There are $n$ training data $D=\{(x_{i},y_{i})|i\in [n]\}$. Let us now define a partition $G = \{G_1,\dots, G_N\}$ of the training data, consisting of $N$ groups. Given a value function $v:\{S|S\subseteq D\}\to \mathbb{R}$. Then, data-wise Shapley values explaining the prediction are given by $\phi_ i.e. group-wise Shapley values are the same as summing data-wise Shapley values.

Figures (6)

  • Figure 1: An example of motivating AIGC data providers.
  • Figure 2: The overview of the framework of return assignment.

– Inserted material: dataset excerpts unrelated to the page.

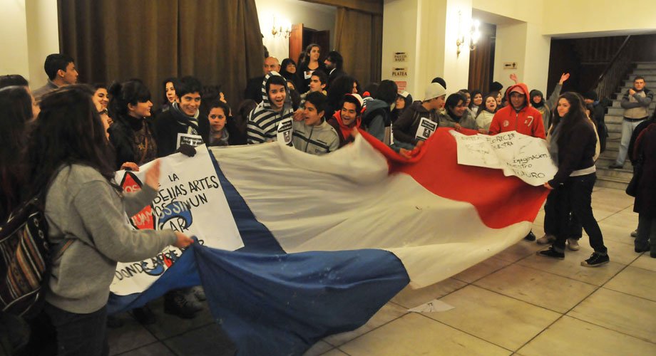 "Queremos estudiar", "Cerisola entregá el edificio". Al ritmo de batucadas y saltando en ronda, una treintena de alumnos de la Escuela de Bellas Artes irrumpió en el hall central del Teatro Alberdi, mientras daba comienzo el concierto de la Orquesta Sinfónica, en el marco del lanzamiento del Julio Cultural.
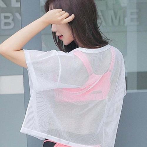 [오너클랜]인기상품 여성용 시스루 메쉬 크롭 티셔츠 여름 레이어드 용망사 반팔 티 [WFLIMYZ_260301]
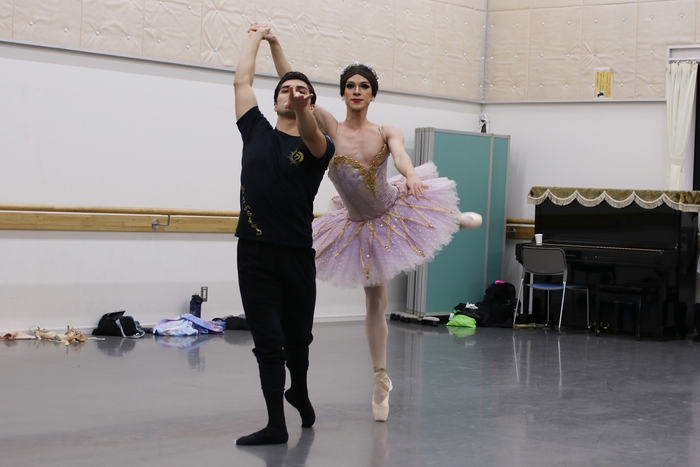 また、取材に合わせてメイクと衣装を本番仕様にしてくれたダンサーたちに、はるなは「すごく綺麗なんですよね。アイシャドウなどは舞台用のしっかりしたメイクですが、チークや口紅は意外とナチュラル。最初は女性かと思っていました。表情も素敵で勉強になります」と興味津々の様子。メイクにはニューヨークで購入したプロ用の製品を使用していると聞き、「飛行機代を出しても欲しい!」と羨ましがりつつ、「明るいリハーサル室で見ても皆さん完璧だと感じました」とプロフェッショナルの仕事を称えていた。
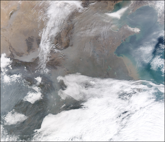 黄河入海的东中国区域可清晰看到被泥沙和烟尘污染的环境
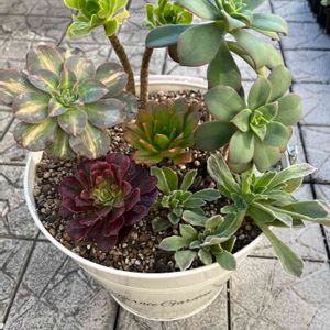 やっとアエオニウムの寄せ植えできたけど配置やバランス難しいなぁ(  ̄ω  ̄ ;)
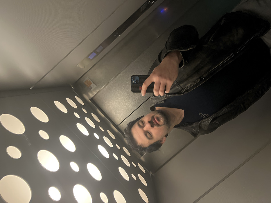 Inside an elevator car in the city of Unknown, Unknown, a male subject is taking a mirror selfie
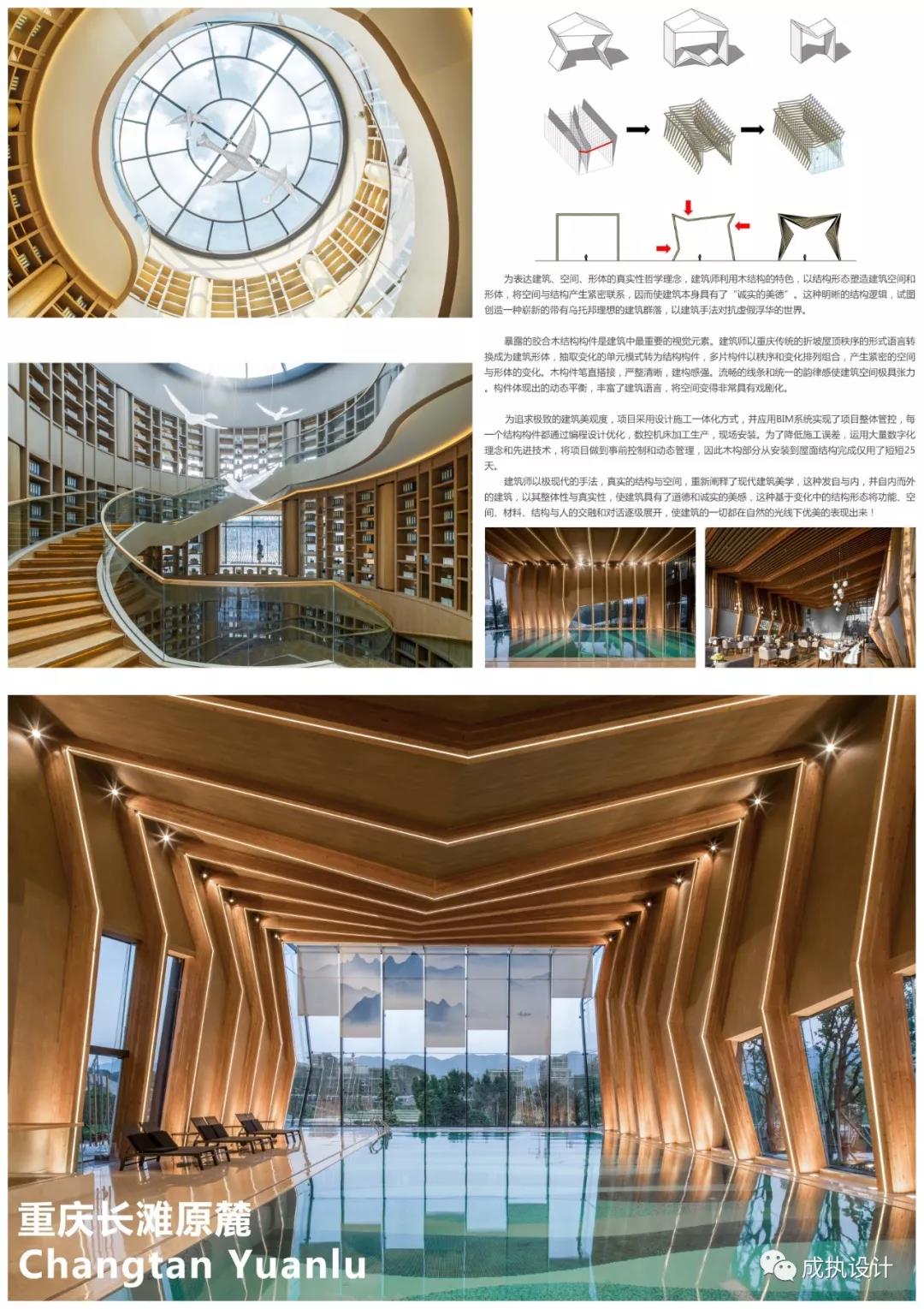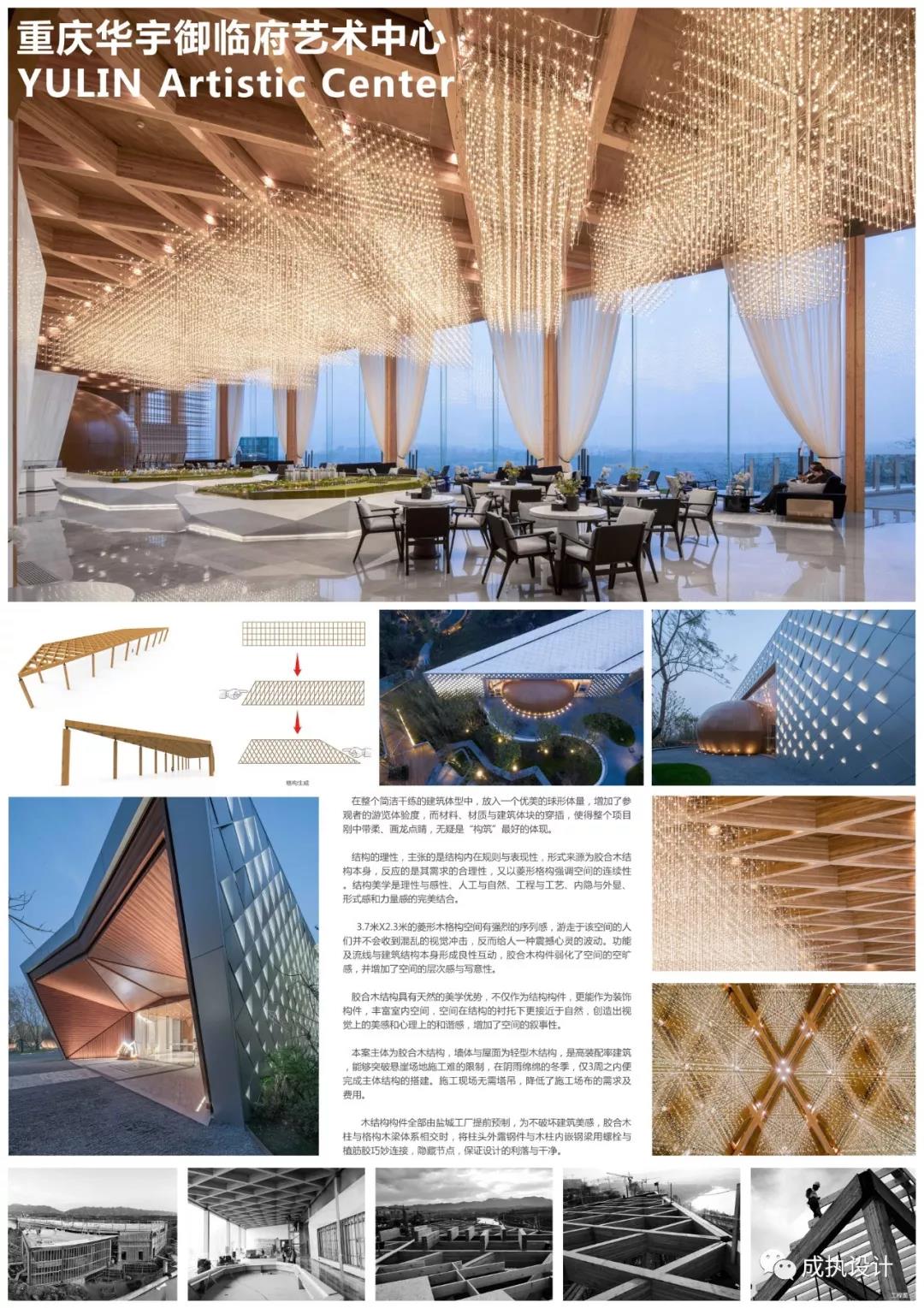 本案位于重庆龙兴悬崖之巅,远眺御临,极简设计,顺应地形。设计上追求内部功能的理性清晰明确的逻辑思考,把内部的事物规则体现在外在形式上。结构的理性,主张的是结构内在规则与表现性,形式来源为胶合木结构本身,反应的是其需求的合理性,又以菱形格构强调空间的连续性。结构美学是理性与感性、人工与自然、工程与工艺、内隐与外显、形式感和力量感的完美结合。
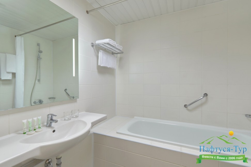 с ванной, туалетные принадлежности, фен
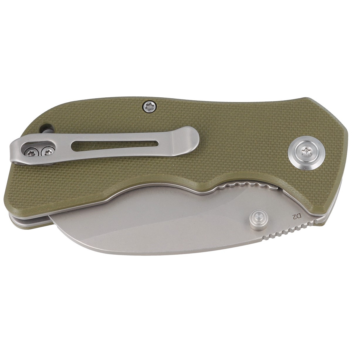 • Karaji Green G10, Bead Blasted, compact EDC folder, small in size, yet built like a tank! D2 blade tool steel, rugged G10 plastic on the Handle, a tool you can always carry with you that won't disappoint!
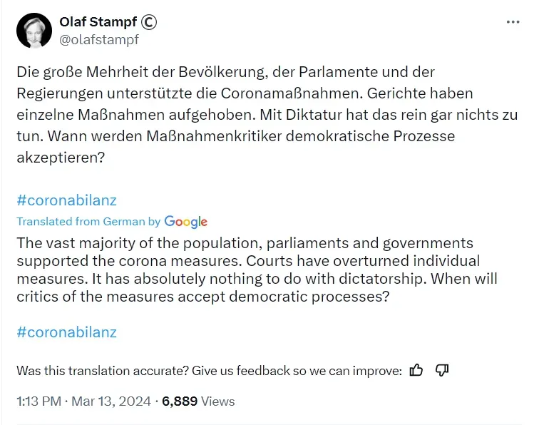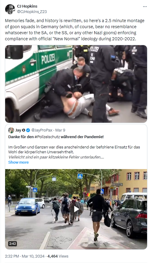 No, this is definitely not the German authorities staging a public ‘accountability’ spectacle in order to memory-hole what happened during 2020–2023 and enshrine the official narrative in history. There’s going to be a formal “Inquiry Commission” – conducted by the same German authorities that managed the “crisis” – which will get to the bottom of all the regrettable but completely understandable “mistakes” that were made in the heat of the heroic battle against The Divisive Virus!

  • Figure 3: (a) The training of the explainer model mainly includes two core parts: the calculation of the value function and the other is updating the model through efficiency constraint. (b) Utilizing information from the first few epochs of sub-service model training to estimate the true value of utility. (c) A grouping function groups the training data, and each data of the same group and the overall data of other groups are regarded as players of the grand coalition to calculate the SV. (d) After grouping, each group is treated as a single player in the grand coalition.
  • Figure 4: The comparison curve about value loss $H_\eta$ of different methods.
  • Figure 5: The visualization of $AFDS$ on MNIST shows the test samples in the first column, with the corresponding true labels on the left. The next ten columns display the top 10 predictions from the explainer model that contributed most to the test samples. $o$ represents the original label, $p$ represents the predicted label of the service model, and $s$ represents the SV.